Every week, the Corbin Community Backpack Program (CCBP) fills backpacks with non-perishable food items for impoverished schoolchildren in Kentucky’s Knox and Whitley Counties to take home over the weekends. Alex Cox, who finished his degree at the University of the Cumberlands in 2001, has participated in the program for years, and recently, he has been showing current Cumberlands students the ropes.
“It’s fantastic seeing Cumberlands students help out with the program,” said Cox. “Every student who shows up, I always tell them about my time at Cumberlands and what a great experience it was.”
Cox began volunteering with CCBP because one of his colleagues—a regular CCBP volunteer—kept nagging him about it, trying to get Cox involved. Eventually, Cox gave in. He liked the people who worked with the program, and he appreciated CCBP’s mission, so he continued coming.

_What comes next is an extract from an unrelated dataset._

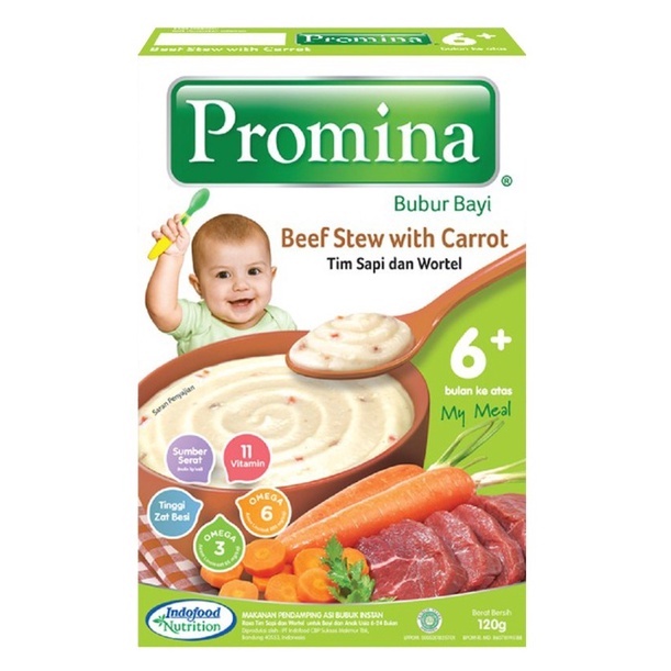 Promina Bubur bayi 6+ 120g tim sapi Wortel,ayam kampung brokoli,salmon labu madu,B.merah ,Pisang, K.hijau Terlengkap Ter

At the time, CCBP was filling 350-400 backpacks a week. Six years later, that number has ballooned to 900.
Approximately 92 percent of the children at Whitley North Elementary School receive free or reduced-price lunches based on their families’ low incomes. Other schools in the area have similar percentages. The Corbin Backpack Program, Mountain Outreach, and local churches and food pantries all work to help these families have the food they need throughout the year.

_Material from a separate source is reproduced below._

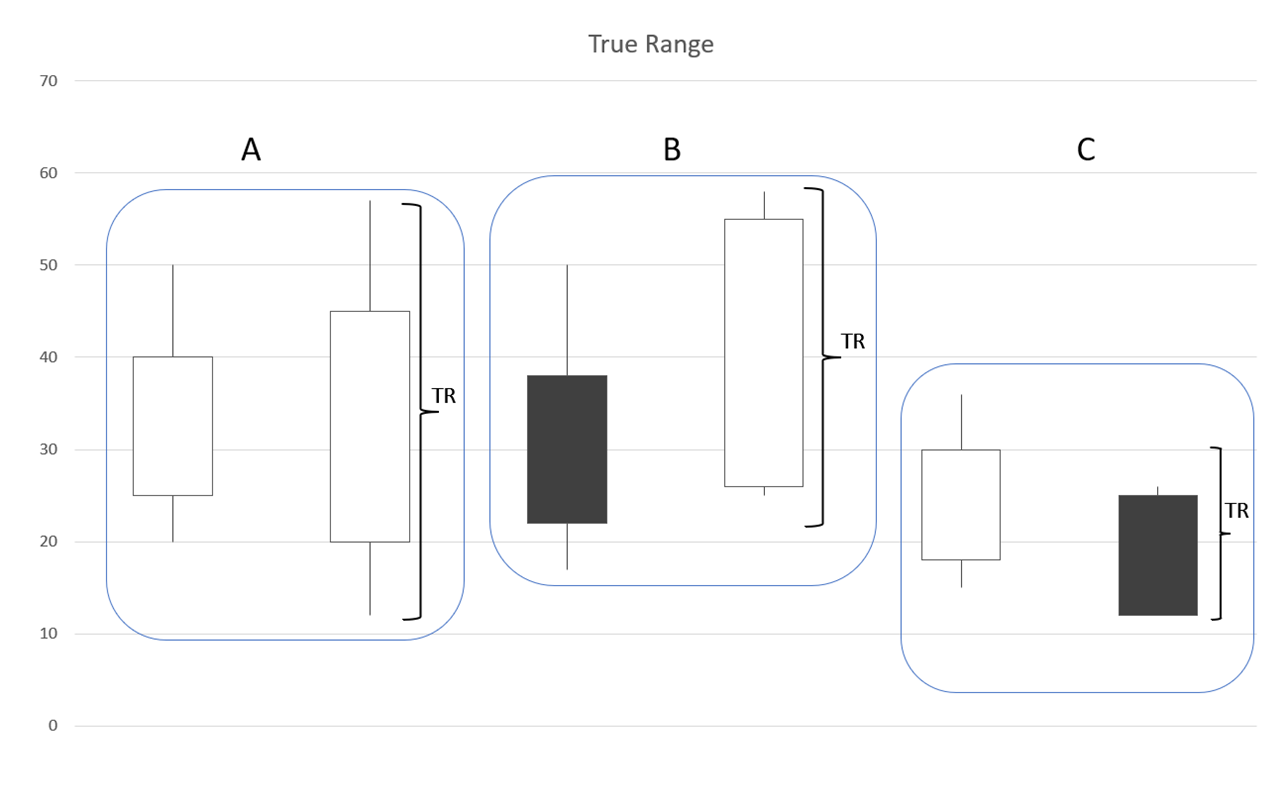 As the name suggests, the ATR measures the average “true range”, which is defined by three values:

“Food is such a basic necessity,” said Jamirae Holbrook, Executive Director for Extended Services at Cumberlands. “It can heavily impact how we act around others, what we accomplish in school and even how we view our lives. We want these kids to be full, happy and confident in their futures. Additionally, part of Cumberlands’ mission is to instill service and leadership into our students. The Backpack Program is making a difference for these children, and we are grateful to be a part of that.”

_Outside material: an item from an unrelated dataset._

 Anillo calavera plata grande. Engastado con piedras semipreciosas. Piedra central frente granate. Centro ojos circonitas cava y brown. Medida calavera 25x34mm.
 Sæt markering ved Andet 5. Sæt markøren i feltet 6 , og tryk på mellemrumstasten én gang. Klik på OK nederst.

CCBP packs bags every Monday evening during the school year, and according to Cox, they could always use more volunteers. (For more information, follow Corbin Community Backpack Program on Facebook.) During summertime, when kids are at home, Cumberlands’ outreach program Appalachian Ministries hosts Bible camps for children in the area, and several local churches and ministries run food pantries or offer weekly community meals.